Problem details =>
When you copy the listing, reproduce each line as it appears and omit every image.

Dataset section =>
________
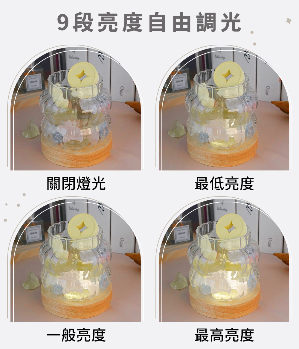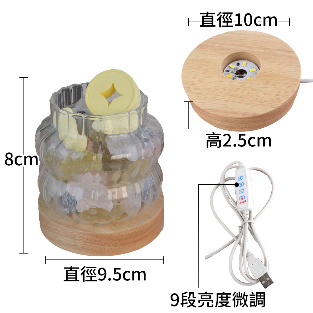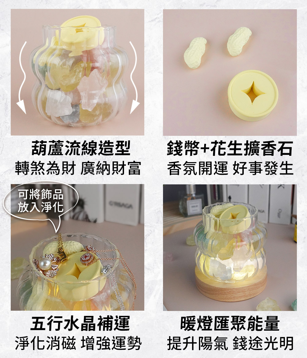 五行水晶再加上葫蘆造型外觀,一次擁有雙重淨化的功效,若出入磁場混亂地方,如醫院、夜遊、早出晚歸、外宿旅遊等,回家後可將開運飾品放入「五行晶礦財寶燈」中,淨化空間磁場並重新啟動好運。內附錢幣+好事花生擴香石,可視需求搭配精油芳香療法,香氛能使身心靈沉穩安定,得以釋放壓力。在忙碌的生活中為自己點亮一盞明燈,象徵貴人常伴左右,讓你錢途事半功倍、財源廣進!
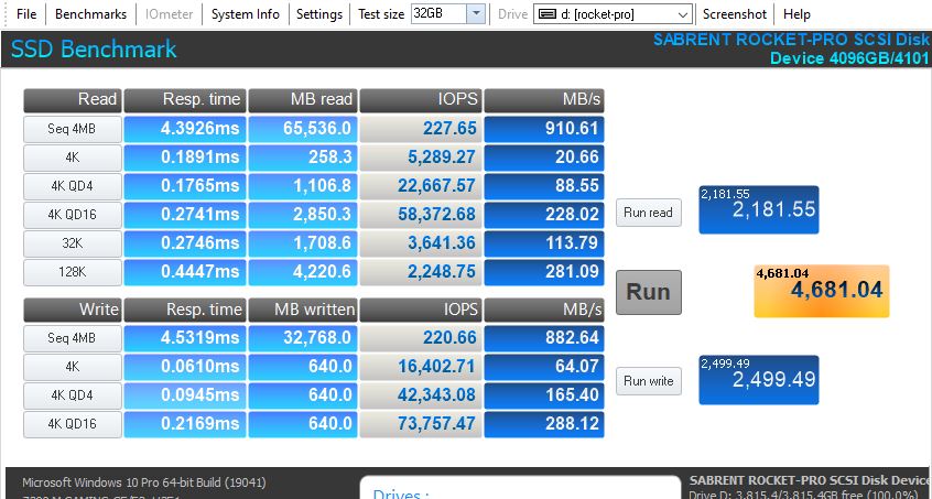 The AS SSD 4K-64T numbers were consistently off as we see here. Still, this is very good performance for a USB 3.2 Gen2 SSD.
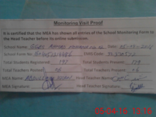 | EMIS Code: 32330572 | Name of School: GGES AHMAD MOHANA NO.2 | |||
________
Written solution =>
 五行水晶再加上葫蘆造型外觀,一次擁有雙重淨化的功效,若出入磁場混亂地方,如醫院、夜遊、早出晚歸、外宿旅遊等,回家後可將開運飾品放入「五行晶礦財寶燈」中,淨化空間磁場並重新啟動好運。內附錢幣+好事花生擴香石,可視需求搭配精油芳香療法,香氛能使身心靈沉穩安定,得以釋放壓力。在忙碌的生活中為自己點亮一盞明燈,象徵貴人常伴左右,讓你錢途事半功倍、財源廣進!
 The AS SSD 4K-64T numbers were consistently off as we see here. Still, this is very good performance for a USB 3.2 Gen2 SSD.
 | EMIS Code: 32330572 | Name of School: GGES AHMAD MOHANA NO.2 | |||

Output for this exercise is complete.